Per ascoltare invece di leggere:
“Non ricordavo di ricordare”. Mi è capitato giorni fa, grazie a una vecchia compagna di scuola ritrovata.
“Non ricordare di ricordare” è un po’ diverso da “avere dimenticato”. Se hai dimenticato, in genere ti accanisci a cercare di farti tornare la memoria e capita che all’improvviso ti si accenda una lampadina: allora di colpo ti torna in mente dove hai parcheggiato l’auto, dove hai nascosto un regalo perché il destinatario non lo trovasse prima del suo compleanno etc etc. Un vuoto di coscienza improvvisamente si riempie e tutto torna a posto. Tu avevi dimenticato, tu stesso pareggi il conto. Ti eri perso qualcosa (in latino “di-mentare”, uscire di mente) e ce lo rimetti dentro.

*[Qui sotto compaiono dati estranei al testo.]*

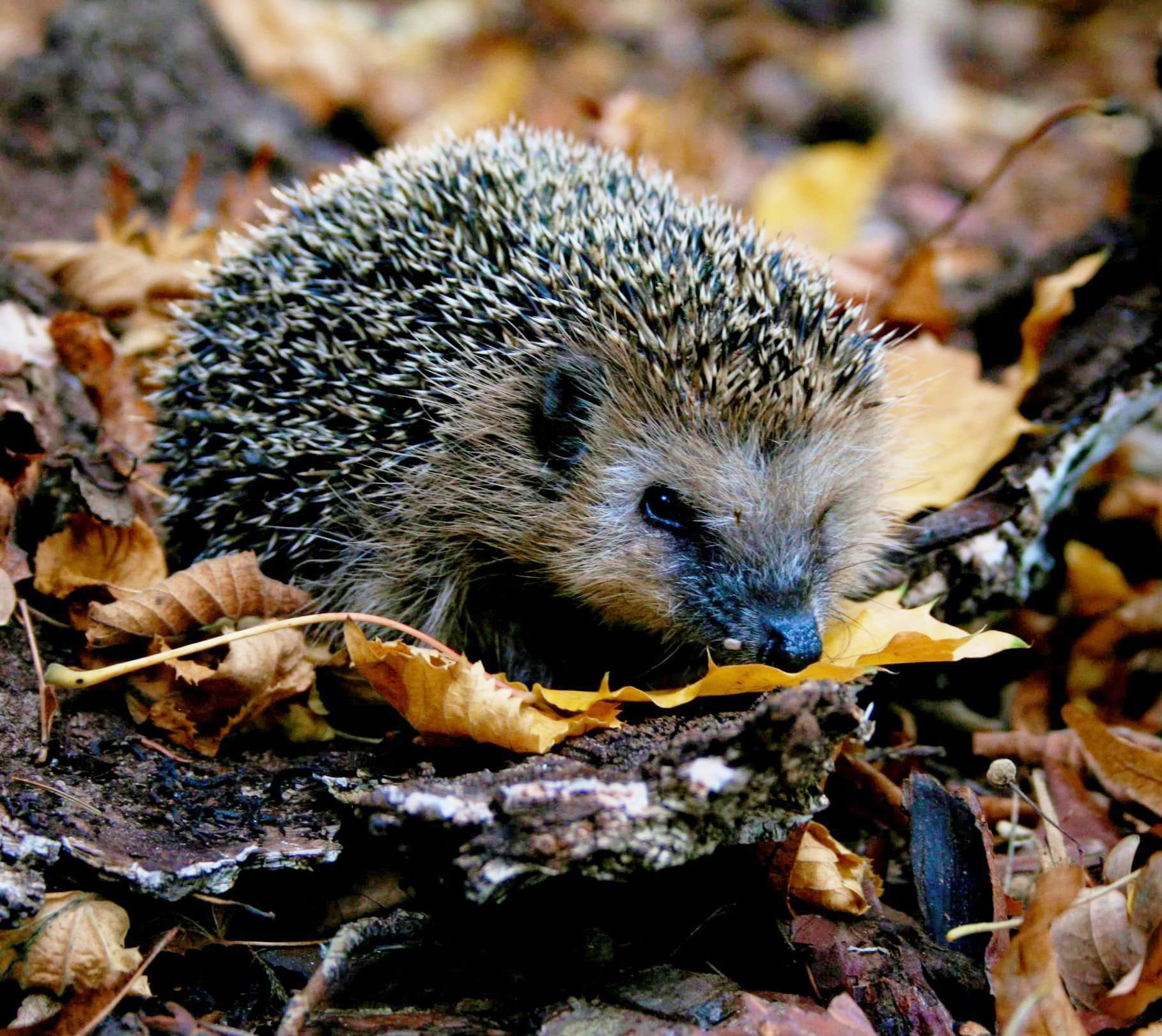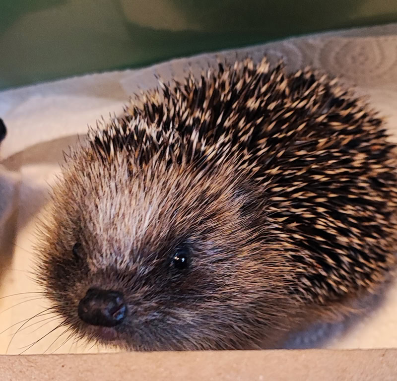 “Ich bin ein Igelkind. Anfangs sind meine Stacheln noch ganz weich. Meine Mama säugt uns sechs Wochen und dann bringt sie uns nachts bei, Insekten zu fressen. Ich muss ganz schnell viel zunehmen, sonst schaffe ich den Winterschlaf nicht! Uns Igeln geht es nicht gut! Es gibt immer weniger Nachtinsekten, und in der Not müssen wir Schnecken fressen und kriegen Würmer: Igitt! Die meisten von uns leben in euren Gärten und Parks, da sind Fallobst und Kompost und Blühpflanzen mit Käfern, Larven und Faltern. Draußen in der Landschaft blüht nicht mehr viel oder es wird totgespritzt. Wenn ich meine Familie verloren habe, laufe ich tagsüber durch euren Garten und wärme mich in der Sonne. Guckt mal auf die Straße, ob meine Mama da liegt! Bitte bringt mich in eine Igelstation.“

Ma se non ricordi di ricordare e il ricordo riemerge per conto suo, libero come un gatto, senza essere stato cercato, del tutto inaspettatamente, grazie a uno spunto offerto per caso da qualcuno o da qualcosa, allora le cose cambiano.
Giorni fa Cettilia, compagna di scuola del ginnasio-liceo Mamiani di Roma -complice una certa operazione nostalgia lanciata dalla stessa direzione del liceo, che in questi giorni ha compiuto un secolo di vita- ha condiviso le foto recuperate di tre nostri bidelli. Sì, ai nostri tempi si chiamavano così e c’era meno razzismo in questo termine affettuoso e familiare termine, di quanto non ve ne sia oggi nell’ipocrita, burocratica espressione “operatore scolastico”.

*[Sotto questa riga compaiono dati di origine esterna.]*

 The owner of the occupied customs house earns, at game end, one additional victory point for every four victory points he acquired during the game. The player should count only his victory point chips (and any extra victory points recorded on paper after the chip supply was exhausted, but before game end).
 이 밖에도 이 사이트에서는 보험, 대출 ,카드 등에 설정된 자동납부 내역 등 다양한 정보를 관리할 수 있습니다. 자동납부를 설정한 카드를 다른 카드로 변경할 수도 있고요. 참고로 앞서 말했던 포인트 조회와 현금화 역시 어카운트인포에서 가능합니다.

Dei tre, uno in particolare non ricordavo di ricordarlo. Non mi ero persa la memoria del suo nome o del suo viso, ero semplicemente ignara che per me fosse dileguato, nel senso che negli anni non ne avevo proprio sentita la mancanza, non mi ero accorta della sua “scomparsa”. E non perché fosse un personaggio sgradito o sgradevole, tutto al contrario. Artemio (strani i nomi dei bidelli e dei portieri, sempre originali, unici, testimoni di pretenziose quanto devote genealogie di paese) si era del tutto cancellato dalla mia memoria. Probabilmente spazzato via da quella stessa ondata di sollievo con cui volli dimenticare il disagio dei cinque anni da sfigata trascorsi tra quei banchi. Artemio non era neppure un personaggio insignificante, al contrario: sempre sorridente, con una faccia molto interessante e cordiale e dei modi dinamici. E con un nome che a ragione si richiamava alla mitologia greca, visto che era bidello di un liceo classico: Artemio come Artemide, dea della caccia, delle foreste, degli animali selvatici e della luna…

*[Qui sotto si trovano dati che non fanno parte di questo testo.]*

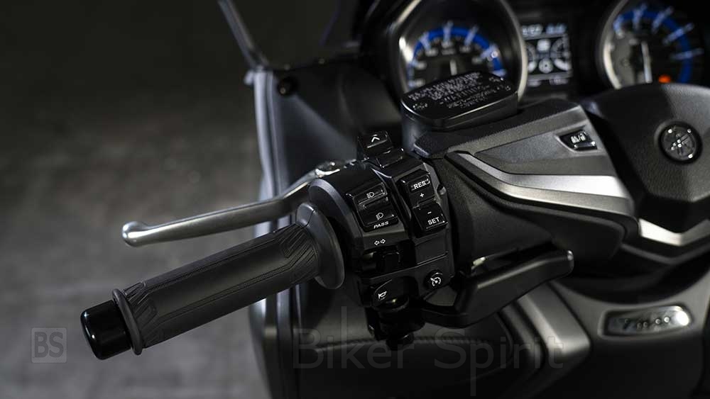 Το σύστημα Cruise Control περιλαμβάνεται επίσης στον βασικό εξοπλισμό του TMAX Tech Max και είναι ιδιαίτερα χρήσιμο στις διαδρομές μεγαλύτερων αποστάσεων, ενώ επίσης βοηθά τον αναβάτη να συμμορφώνεται με τα ισχύοντα όρια ταχύτητας. Μέχρι στιγμής, είναι το μόνο σπορ σκούτερ που διαθέτει αυτήν τη δυνατότητα.

Ritrovare quel volto senza averlo perso e dunque senza averlo neppure cercato, averlo ricevuto come un dono generoso del passato è stata una gratificazione e insieme una lezione fondamentale. Mi ha dato la conferma del fondaco inesauribile che ci portiamo appresso, della smisuratezza della nostra anima, chiamiamola per un istante così, della profondità con cui conviviamo, spesso inconsapevoli, fin da quando nasciamo.
Ritrovare Artemio mi ha dato cioè una percezione consolante di me stessa: oggi so di essere una specie di calza della Befana senza fondo, una borsa di Mary Poppins, una soffitta che arriva chissà dove, un buco nero però pieno di luce. Insomma sono infinita. Tutti lo siamo. In noi convivono tutti i tempi, tutti i momenti, tutti gli Artemi della nostra vita. E non importa se vivacchiamo svagati, drogandoci dell’insignificanza e della banalità di questo momento presente. Ognuno dei nostri attimi è denso di attimi di altre ere, è figlio di tutto quello che sembra lontanissimo da noi nel tempo, ma che alla prima occasione ci si conferma presente, restituendoci ogni dettaglio e ogni emozione.
Non ricordare di ricordare è la prova che non finiamo qui, in questo istante passeggero. Ma che possiamo avventurarci nel passato e forse anche nel futuro.